Work task – Some of the lines below need repeating. Reproduce exactly those between the lines holding "INLINE Klinke/Cinch PREMIUM" and "Wooden handmade crafted", inclusive.

Raw data –
***

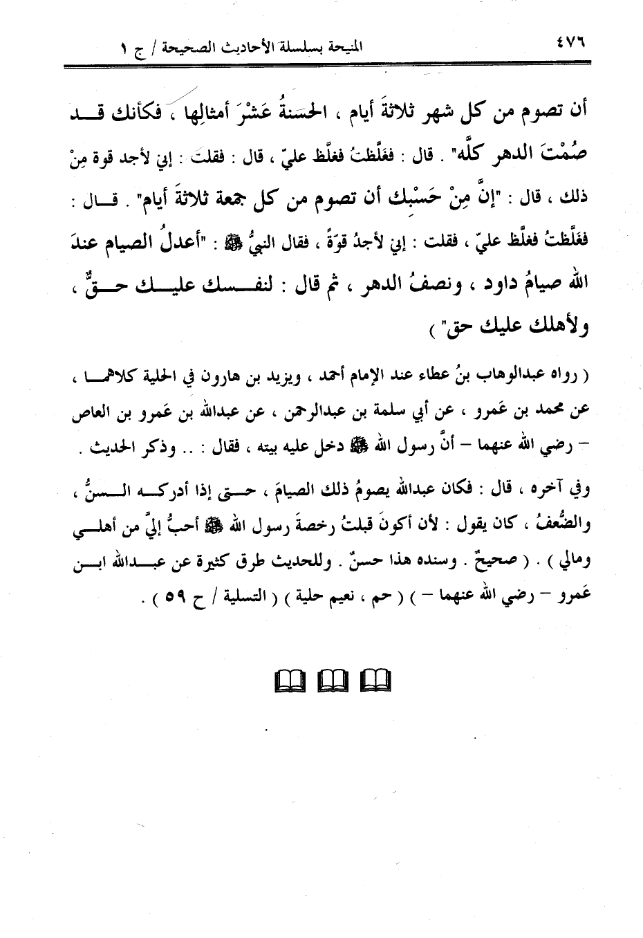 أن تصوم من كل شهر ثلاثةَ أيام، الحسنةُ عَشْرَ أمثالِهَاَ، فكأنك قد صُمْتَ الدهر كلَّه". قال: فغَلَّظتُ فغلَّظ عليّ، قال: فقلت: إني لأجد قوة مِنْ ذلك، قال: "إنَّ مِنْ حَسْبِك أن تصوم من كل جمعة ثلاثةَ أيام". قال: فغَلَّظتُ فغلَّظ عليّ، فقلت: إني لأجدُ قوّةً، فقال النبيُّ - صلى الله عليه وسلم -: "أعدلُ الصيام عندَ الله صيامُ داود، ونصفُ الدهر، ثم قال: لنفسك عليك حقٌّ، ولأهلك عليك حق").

***

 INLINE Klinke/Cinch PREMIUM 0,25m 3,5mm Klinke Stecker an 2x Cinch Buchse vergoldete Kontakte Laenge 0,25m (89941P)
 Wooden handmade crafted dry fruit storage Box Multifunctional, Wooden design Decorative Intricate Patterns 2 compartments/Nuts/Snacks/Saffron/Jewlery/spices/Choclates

***

Solution for this task –
 INLINE Klinke/Cinch PREMIUM 0,25m 3,5mm Klinke Stecker an 2x Cinch Buchse vergoldete Kontakte Laenge 0,25m (89941P)
 Wooden handmade crafted dry fruit storage Box Multifunctional, Wooden design Decorative Intricate Patterns 2 compartments/Nuts/Snacks/Saffron/Jewlery/spices/Choclates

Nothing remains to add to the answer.